Why do you say it had croc like open teeth in the front and more fleshy in the back? What first came to mind was a vaguely blood hound look. It could easily cover the teeth completely (though I still find it likely the teeth were in some way partially exposed). Though I do like the look you mention with a croc like snout. It looks nice and I suppose it could have its benefits.

The Wolf of Comedy said...

This was um, something alright. I am a very new reader to your blog posts, and I must say, I am extremely pissed off, but in the best way. I'm mad at myself, and the world, for what has been instilled into my brain and other paleo fans. I am pissed that you have challenged what has been so widely accepted as fact. Honestly, reading these made me feel like an idiot. Projects such as Saurian show their dinosaurs in such a familiar way, that many do not challenge them or oppose them, because they do not stray from what we know and what we have come to accept. Eagle-like dromaeosaurs, lizard-lipped theropods, all of these things have become such the norm, that when someone like you comes in to challenge it, and you bring such a good arguement, I cannot help but to be pissed. So, it the end, I say to you, thanks. Thanks for pissing me and so many other dinosaur fans off. And I am not being sarcastic. I mean what I am saying. These blog posts challenge us to think so outside of the box, and realize that much of what we consider fact is just conveniently appealing speculation. I look forward to future blog posts to come.

Duane Nash said...

@wolf of comely Thanks Wolf of Comedy, love the name by the way. I am glad you are getting something from my posts and you seem open to new ideas. I don't think Saurian is all that bad and like their depictions a lot over all, so I don't want people to construe I am singling them out or such. Paleontology is just so interesting in that it blends science, culture, speculation, creativity all stitched together in a kind of emotional jig-saw puzzle of "paleoart".

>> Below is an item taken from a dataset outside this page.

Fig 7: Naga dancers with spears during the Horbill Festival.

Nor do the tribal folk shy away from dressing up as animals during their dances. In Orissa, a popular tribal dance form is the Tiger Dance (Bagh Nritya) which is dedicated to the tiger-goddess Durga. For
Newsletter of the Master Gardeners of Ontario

@khalil Indeed I think the crux of the problem is what came first the reticula or the feather? I don't think it is resolved either way. That for me makes it hard to decisively pick a side and leave it some what open to peoples own preference at this point. It is interesting to think if stem mammals went through a similar transition of a more scaled like lizard lip oral margin to something more like what we see in modern carnivorans and if this transition was linked to the growth of hair and loss of scales.

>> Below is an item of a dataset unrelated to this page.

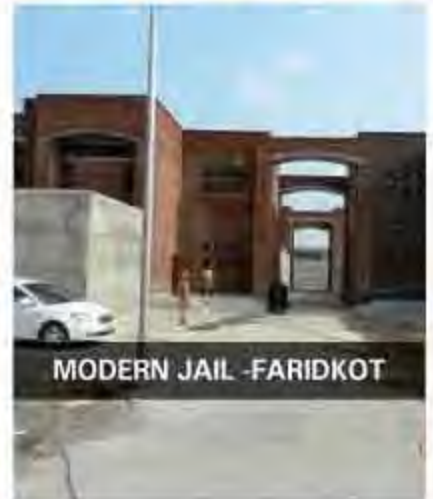
MODERN JAIL -FARIDKOT

The Wolf of Comedy said...

@Duane Nash no problem. Btw, love the beard

SbS said...

One theme amongst fleshy lipped creatures is incisiform premaxillary teeth as in Tyrannosaurs whose scraping tissue off (as evidenced) of fallen prey is very useful.


Nick Fonseca said...

I was just at the zoo and ended up watching the Tiliqua Rugosa AKA Shingleback Lizard AKA Blue-tongued skink. One decided to have a snack and I was able to see the mouth in action. What I found interesting outside of the creepy blue-black tongue, was that the "lips" were laid out similar to how you lay out the lips in your dinosaur representations. the lower "lip" is beveled in toward the tooth row and the upper "lip" overlapped the bevel. The main difference was the scales. In addition, the upper lip was fairly flexible. It was squishing and bending while it took bites of its lettuce. The scales didn't seem to keep the upper lip from moving around from the force of the bite. It reminded me of the image of the wolf biting the watermelon. I thought you might find the anecdote interesting.